## [What you have to do]
Starting at the line containing "Duo Pseudoespostoa Melanostele" and ending at the line containing "健身女孩宽松瑜伽服上衣休闲显瘦运动罩衫V领透气普拉提训练长袖", transcribe the listing below exactly. Keep both end lines, skip the pictures, and copy nothing else.

Data extracts Block Start

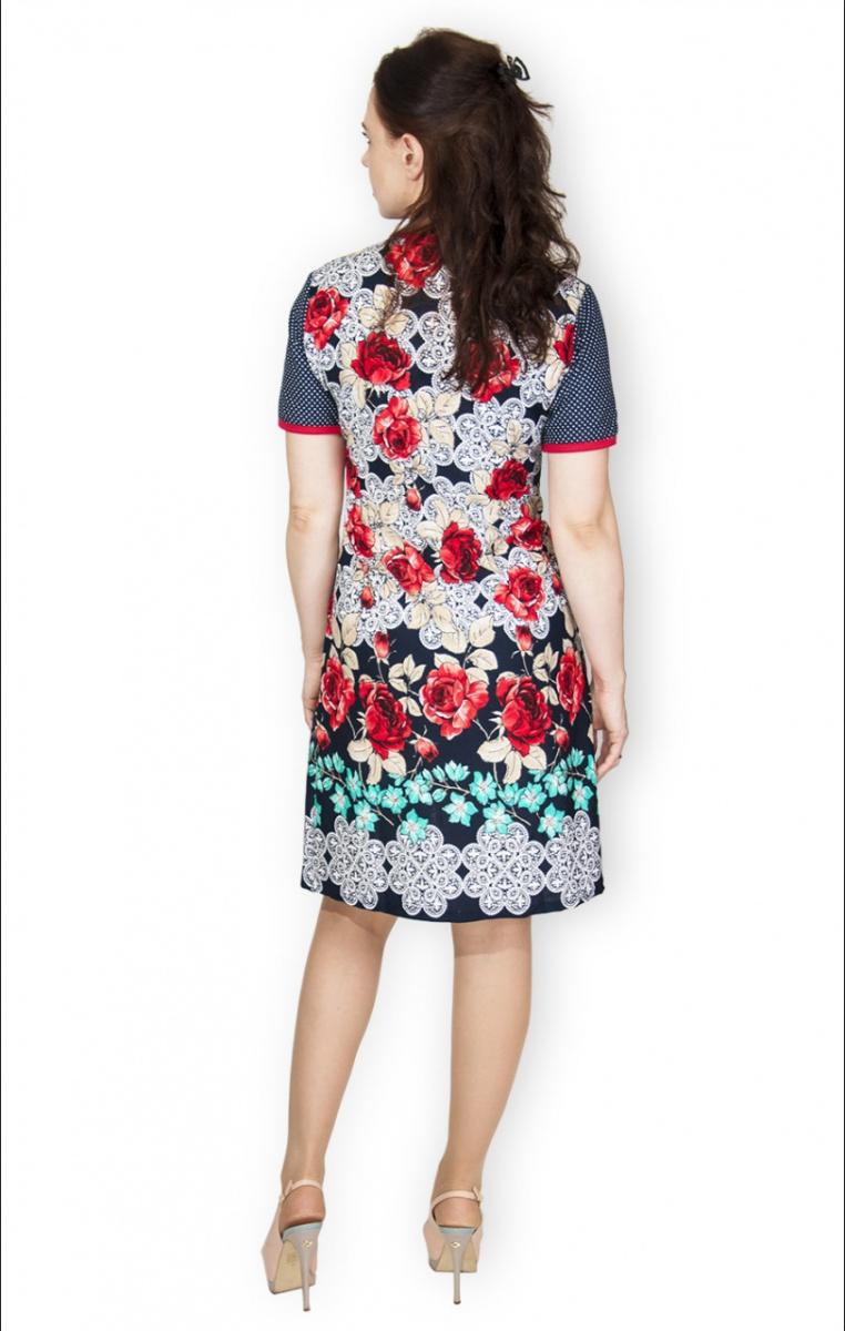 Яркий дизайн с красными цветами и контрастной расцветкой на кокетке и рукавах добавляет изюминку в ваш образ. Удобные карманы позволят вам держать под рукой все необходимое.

Data extracts Block End
Data extracts Block Start

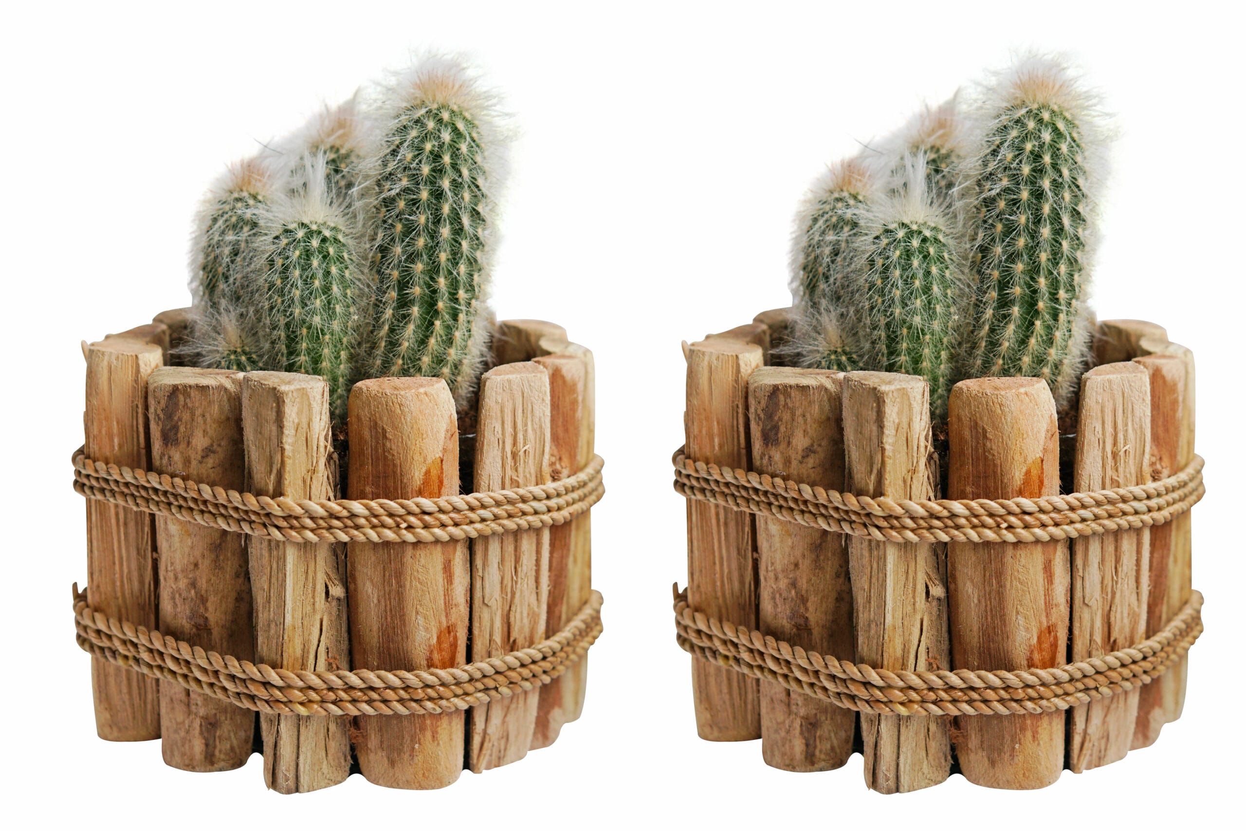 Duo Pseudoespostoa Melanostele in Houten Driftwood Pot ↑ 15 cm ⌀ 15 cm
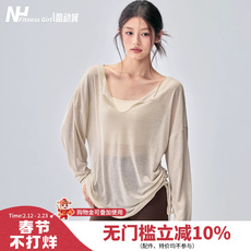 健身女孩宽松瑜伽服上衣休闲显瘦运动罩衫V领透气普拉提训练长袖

Data extracts Block End
Data extracts Block Start

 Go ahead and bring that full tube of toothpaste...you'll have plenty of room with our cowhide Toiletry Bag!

Data extracts Block End

## [Solution for this exercise]
 Duo Pseudoespostoa Melanostele in Houten Driftwood Pot ↑ 15 cm ⌀ 15 cm
 健身女孩宽松瑜伽服上衣休闲显瘦运动罩衫V领透气普拉提训练长袖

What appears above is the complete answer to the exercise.